Another subtlety here is that while an individual component may 'be a bottleneck' in a given system, 'being bottlenecked' (or not) is a property of the entire system, not of a component. In other words, it is fine, in principle, to say 'My CPU is a bottleneck' or 'My CPU is bottlenecking my system.' However, the common PC building forum question (and responses to it) of, e.g., 'Will this CPU bottleneck this GPU?' is invalid.

As noted above, it will always be the case, in practice, that some component of a system is not fully saturated by another component. The fact alone that your CPU is not capable of outputting as many FPS as your GPU is capable of processing doesn't tell us anything of practical utility in evaluating your build or whether or not it's 'bottlenecked.' That cannot be assessed without reference to the overall performance of the system against its intended purpose. Even if the CPU is capable of saturating only 25% of the GPU's maximum capacity, if your goal is to play Control at 8K / 60 FPS, then as long as the CPU can consistently deliver 60 FPS to the GPU, the system is not bottlenecked.

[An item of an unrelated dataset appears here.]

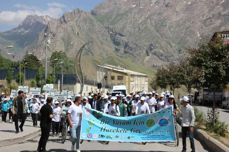 5 Haziran Dünya Çevre Günü etkinliği çerçevesinde ‘’Temiz Bir Hava İçin Pedallıyoruz’’ sloganı ile bisikletli öğrenci gurubu, ilk ve ortaokul öğrencileri, vatandaşların da olduğu grup Hakkâri Valiliğinden önünden bir araya gelerek yürüyüşe geçti. Grup ellerinde pankartlarla Pehlivan Mahallesi Çevre Yolundan, Bulak Mahallesi Kent Parkına doğru yürüyüşe geçti. Parkta son bulan yürüyüşün ardından grupta yer alanlar ile jandarma ve Toplum Destekli Polis ile birlikte parka fidan dikti. Daha sonra öğrencilere Hakkari Gençlik ve Spor İl Müdürlüğü Gençlik Merkezi gönüllüleri ve üniversite gönüllü öğrencileri ile parkta gönüllerince eğlendi. Etkinlikte yer alan Sermaye Piyasası İlkoklu ve Ortaokulu öğrencilerine kurum tarafından boyama ve bilgilendirme kitapları hediye edildi.

More deeply, even when one component really is bottlenecking the overall system, that's the perspective to take on it. By analogy, if your shoes are too small, it's correct to say that they, e.g., limit your ability to walk. It would be weird, on the other hand, to say they limit your feet's ability to walk. Walking is an activity of a person, not of feet, even though it involves feet. Likewise, performance (or lack thereof) against a purpose is an attribute of a system, not of any one of the system's components.

This usage is, by the way, perfectly consistent with how the term is used in practice in engineering contexts. No one regards a system as bottlenecked if its overall performance is adequate to the needs (or anticipated needs) it is meant to serve. When a system is inadequate, it is often good methodology to search for bottlenecks and to fix any ones that are identified. And it would obviously be poor methodology to, e.g., increase the diameter of the base of the bottle while ignoring the diameter of the neck. But once performance is rendered adequate (or adequate to address expected future needs), the hunt usually stops. Engineers generally don't waste time quixotically tilting at 'bottleneck' windmills if the overall performance of the system is acceptable to current and anticipated future needs.

As a side note, this is where the term 'bottleneck' as the source of the analogy is unfortunate, because in actual bottles, the narrowness of the neck is a feature not a bug. It improves the performance of the overall system relative to its purposes. A bottle without a neck is a jar. Bottles offers numerous advantages over jars for the applications we use bottles for. It's cheaper to seal, for example, because the sealing component (e.g. a cork or metal cap) can be smaller, and, historically, cork and metal were expensive materials. Most crucially: the fact that the narrow neck reduces the flow rate makes it easier to pour out of the bottle in a standardized and controlled way.

Other kinds of performance limitations

The minor flaw of the standard definition of bottleneck is the tendency to make it overly broad. Even the Interim Version of the definition suffers from this problem. It is important to recognize that bottlenecks are not the only type of performance-limiting condition of a system, or even of a PC build.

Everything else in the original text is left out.